Narrowband Helix
23 October 2019
Remember a couple of weeks ago I posted my narrowband Helix photo? Well a while later, ASV member Geoff Healey posted a visible light photo of the same object. It's labelled "LRGB". Compare the two photos here.
My photo (HOO) is an image captured using two filters that only pick up a pair of highly specific colours. One colour, a pinkish "Hydrogen" is displayed as red on the computer screen, and a teal "Oxygen" is displayed on both the blue and green pixels on the screen.
If you look closely, they're quite different. Geoff's images is "true colour" and mine is "false colour". But there are a couple of other differences.
You'll note that Geoff's image has lots more stars in it than mine. Geoff's camera accepts the whole spectrum, so it allows a lot more light in, including light near infra-red and ultra-violet. My filters accept light from the nebula but shut out a lot of the rest - to the point where my camera just didn't detect most of the dimmer ones.
Look closely at the fineness of the detail in the nebula. Geoff's image is streets ahead, mainly due to the sheer time of exposure - it took him two nights to take the photo (that's dedication).
In processing, I've made the background a bit darker for aesthetic reasons (both to make a stronger contrast between background and foreground, and also to hide a bit of the near-black noise). It's actually well established that this is poor practice, as this tends to hide dark background objects.
Have a look at the next group of my images.

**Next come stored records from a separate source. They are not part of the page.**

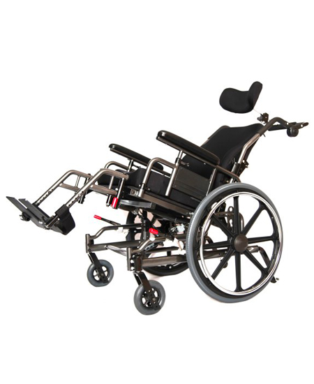 The SUPERTILT is Maple Leaf Wheelchair’s flagship 45 degree tilt, steel manual wheelchair designed for extended pressure relief with stationary users and carries great functionality with swing in, swing out footrests and adjustable stroller handle.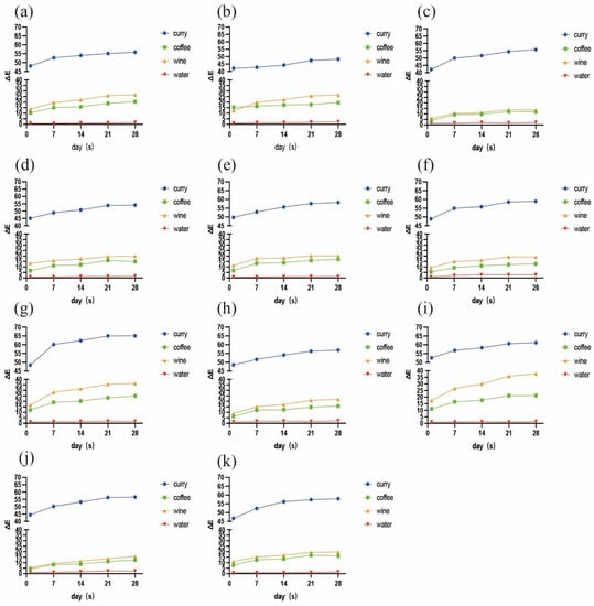 Color changes over time of 11 composite resins immersed in curry, coffee, wine, and distilled water for 1, 7, 14, 21, and 28 days: (a) B2; (b) F03; (c) CXU; (d) CS; (e) CD; (f) DF; (g) DXU; (h) Z250; (i) Z350; (j) MP; and (k) TNC.
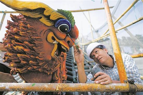 文/羊城晚报记者 周欣怡 图/羊城晚报记者 钟振彬 近期到访陈家祠的游客会发现,首进门厅四周搭起了脚手架。这里正在进行自20世纪80年代初作为广东民间工艺博物馆恢复开放以来,对馆址所在的陈家祠进行的第8次灰塑保养维护工程。此次维护面积达到1285平方米,工期将持续至2026年1月。 这座岭南国宝古建筑正经历专家学者与修复工匠共同的“把脉诊疗”,踏上“焕新之旅”。为此,羊城晚报记者在广东民间工艺博物馆文物保护管理部主任石浩斌和灰塑国家级代表性传承人邵成村的带领下,首次登上陈家祠屋顶,与那些备受网友宠爱的瑞兽神祇有了一次近距离接触。 小变化:“网红”小神仙不再“比耶” 陈家祠后东厅南立面的屋脊上,曾有一位被网友们戏称为“比耶小神仙”的灰塑人物像备受关注。但最近“慕名而来”的游客却惊讶地发现,小神仙的“比耶”手势已变成了“手持铜镜”。 石浩斌解释了这一变化的缘由。原来,这位“小神仙”是中国传统神话中的日神,之前他那个“比耶”的手势之所以会出现,主要存在两种说法: 一种说法是,日神左手原本应该手持象征太阳的铜镜,后来铜镜遭损坏,左手仅留下两根手指,便构成了今天被人们戏称为“比耶”的手势;另一种说法是,清末的广州处于中西交流前沿,当时的灰塑匠人把他们见到的西方手势用到日神的手上了。 但两种说法都缺乏充分证据,文物原状的信息也得不到确认,在历次保养维护工程中,馆方一直采用“保持现状”的做法,保留了“比耶”的手势。但石浩斌说:“近年发现的一张历史照片为‘铜镜说’提供了有力证据。”他向记者展示了这张50多年前的黑白照片,画面中,左手持圆形物体的日神依稀可见。“虽然这张照片清晰度较差,但馆方又从多处岭南建筑装饰上收集了各种日神的形象,并咨询了相关专家的意见,最终确定将日神左手持铜镜的原状进行复原。” “神还原”:努力保持历史原状 “比耶小神仙”的变身揭示了此次灰塑保养维护最大的亮点——努力还原陈家祠灰塑的“历史原状”。 “最近我们又发现一张照片,显示日神对应位置的月神手上也是拿着镜子的。”石浩斌指着屋檐上那尊被称为月神的小神仙,它正双手叉腰站立,石浩斌又拿出那张历史照片,上面的月神却是右手握有一件圆形物体。“下一步我们也将报批维护方案手续,恢复月神原本的状态。” 走进陈家祠后进东厅的“陈家祠建筑抢救性保护”展览厅,石浩斌指着展柜里的老照片,进一步介绍:“你看这里原本是个罗马钟的造型,现在却变成了寿字图案;这里本来应该是龙形雕塑,现在变成了飞熊图案……”通过新旧照片对比,可见陈家祠前东廊东面中部的灰塑,已与早期照片上的原貌发生较大变化。 “不改变文物原状”是国家文物保护法的基本要求。据石浩斌介绍,在本次灰塑保养维护工作开展前,馆方至少用了一年时间研究陈家祠灰塑的历史原状,希望这一轮保养维护有据可依。 “黑科技”:“问诊”百年独角狮 参与此次灰塑保养维护项目的国家级代表性传承人邵成村已与灰塑结缘45年,他告诉记者:“灰塑是会呼吸的。它以石灰为主要材料,能吸收和排放水汽、热量,使建筑更好地适应岭南湿热天气,解决建筑防热、防雨、防潮等问题。”但工业社会出现的酸雨或空气污染等问题仍会给灰塑造成一定程度的损坏,灰塑难免出现褪色、附生植物、污渍、表层轻微开裂、返潮、泛碱、内部金属骨架锈蚀等问题。“所以我们必须要定期给它‘洗澡’、杀虫、补色,保证灰塑的基本清洁,同时检查内部结构,从而将灰塑保存得更久。” 石浩斌说,灰塑的病害问题需要通过勘察工作来发现,而这一过程中,用到不少“黑科技”。比如修复陈家祠首进门厅屋檐上一只独角狮子,就是充分运用科技助力“诊疗百年神兽”的绝佳案例。 石浩斌说,当细心的工作人员发现这只独角狮的腹部出现明显裂纹时,便火速集结专家、设计、监理等各路“医生”,运用热成像探测技术,给狮子做了个全方位的“CT检查”。他们发现狮子肚子里面用于结构支撑的钢筋出现了锈蚀现象,存在安全隐患。于是,馆方又邀请了华南理工大学的专业团队进行材料取样并检测分析。同时,设计单位还通过贴近摄影成像与倾斜摄影成像办法建立了狮子的三维模型,全面记录下这只狮子在修复前的保存情况。在“解剖”狮子并处理好钢筋锈蚀部分后,再将独角狮照此三维模型进行原样复原。 “修建一只瓦檐狮子,让它能站在瓦顶边缘,还向外探出身子大约50厘米,这对狮子内部结构的搭建要求非常高,它的选材、比例、力学结构等都非常讲究。这是灰塑中最难的技术之一,只有较大规模的祠堂屋顶才会出现瓦檐狮子。然而陈家祠却拥有18只狮子镇守檐角,这是特别难能可贵的。”历经八次灰塑保养维护工程的邵成村,对每尊瑞兽的造型特征都如数家珍,“这18只瓦檐狮子有动有静、有大有小,有南方特点的独角狮,还有无角的北方狮子,有的表情和善,有的怒目圆睁……” 无数研究者和工匠怀揣着对传统的敬重,正努力让这些守护祠堂百余年的瑞兽与神祇重现昔日光彩。

They're all actually the same one, just with the colours swapped around.
Geoff's visible light image shows that the outside of the Helix is red and the inside is blue. My image shows that the red bit is mostly Hydrogen and the blue bit is Oxygen. I made Hydrogen red and Oxygen blue and green, but I needn't have. In the third and fourth images I've swapped them round, just to show the differences, as well as how arbitrary "false colour" can be.